Por exemplo, a pesquisa não levou em consideração o que entra e sai do prêmio. Quando se diz que as plataformas de apostas têm uma rentabilidade de 15%, só isso é uma distorção, porque a nível mundial a rentabilidade chega aos 5%. Além disso, tive acesso a outro estudo do BC, que foi feito em setembro do ano passado, e de janeiro a novembro de 2023. O Banco Central informou que circularam R$ 54 bilhões nas plataformas de apostas — uma média de R$ 5 bilhões por mês. O que me surpreende agora é que, em setembro de 2024, esse número saltou para R$ 20,8 bilhões por mês. É uma diferença muito grande. Outro ponto é que a pesquisa do BC sobre esse tema, que é de extrema gravidade, não pode ter apenas três páginas. Precisaria ser mais robusto para ser mais viável.
E aí, você duvida da pesquisa do BC?
Só acreditarei em estudos sobre o mercado de jogos a partir do momento em que esse setor estiver totalmente regulamentado e conectado aos servidores do Serviço Federal de Processamento de Dados (Serpro). Dessa forma, teremos uma radiografia precisa do que está acontecendo. Fora isso, é construção narrativa, é estimativa.
Você acredita que a regulação e supervisão governamental resolverá todos os problemas e dúvidas atuais do país em relação às apostas?
Eles resolverão 90% dos problemas. Em primeiro lugar, o volume de apostas será muito menor, porque, para o cidadão jogar, terá que mostrar a sua identidade, colocar a cara dentro daquele espaço redondo, tal como quando abrimos uma conta bancária. Dessa forma, você identificará quem realmente está apostando.
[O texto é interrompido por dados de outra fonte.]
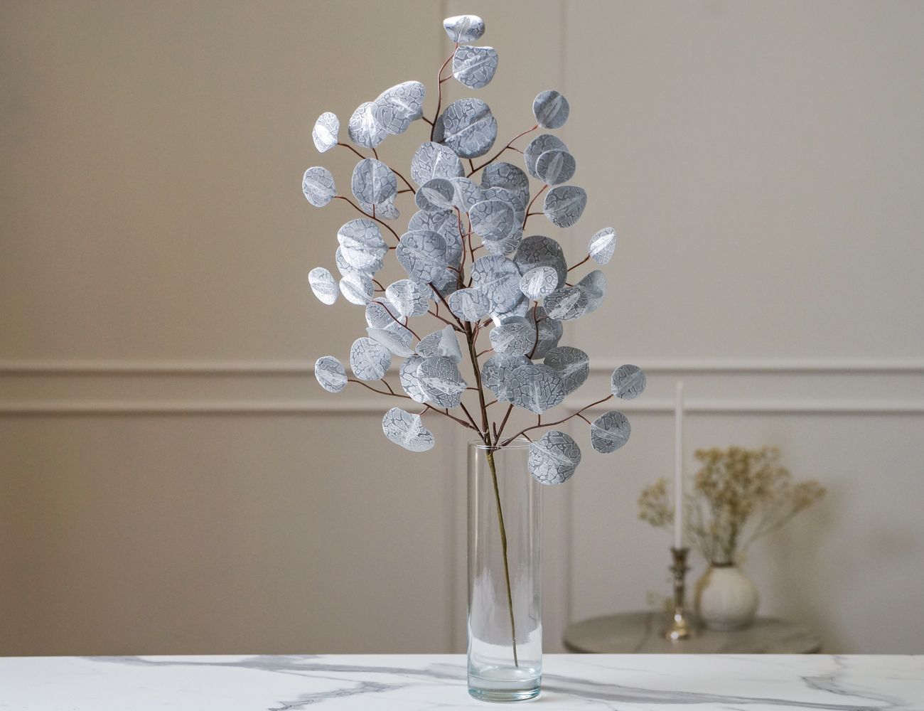 Декоративная ветка МОРОЗНАЯ ЛИСТВА (круглые листья), серебряная, 72 см, Kaemingk

Para todos os depósitos que você fizer em uma casa de apostas, apenas o seu CPF poderá sacar. Portanto, haverá uma série de regras e limitações. Assim como tenho visto ultimamente, onde você digita o número do seu celular e gera um código QR com o Pix, isso vai acabar com isso.
Isso será suficiente para reduzir o volume de apostas?
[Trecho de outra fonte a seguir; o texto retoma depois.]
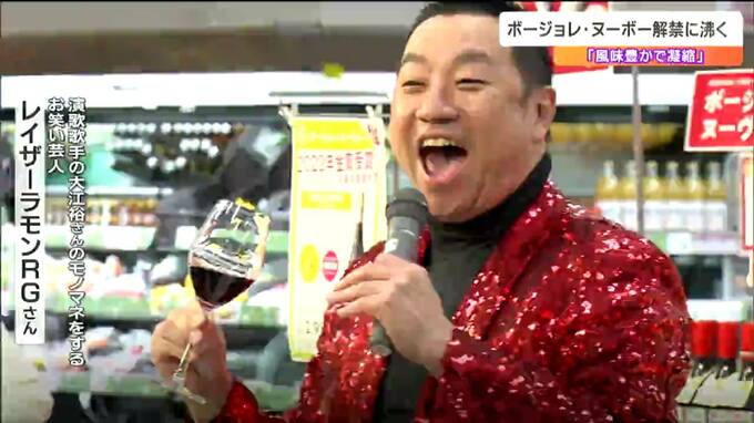 フランス産ワインの新酒、ボージョレ・ヌーボーの販売が、16日午前0時に解禁されました。仙台市内のスーパーではこの日を待ちわびた人たちが、スペシャルゲストとともに解禁を祝いました。「3、2、1ボージョレ・ヌ…

Sim. E você tem o controle. Por exemplo, ao se cadastrar em um site, você estabelecerá quais são os seus gastos diários com apostas. E se você ultrapassar o valor, não conseguirá aumentar seus gastos naquele dia. Você terá que esperar 24 horas. Isso por si só é uma ferramenta inibidora. Se eu estabelecer que meu gasto é de R$ 100 por dia, não posso apostar mais que isso. É uma diferença.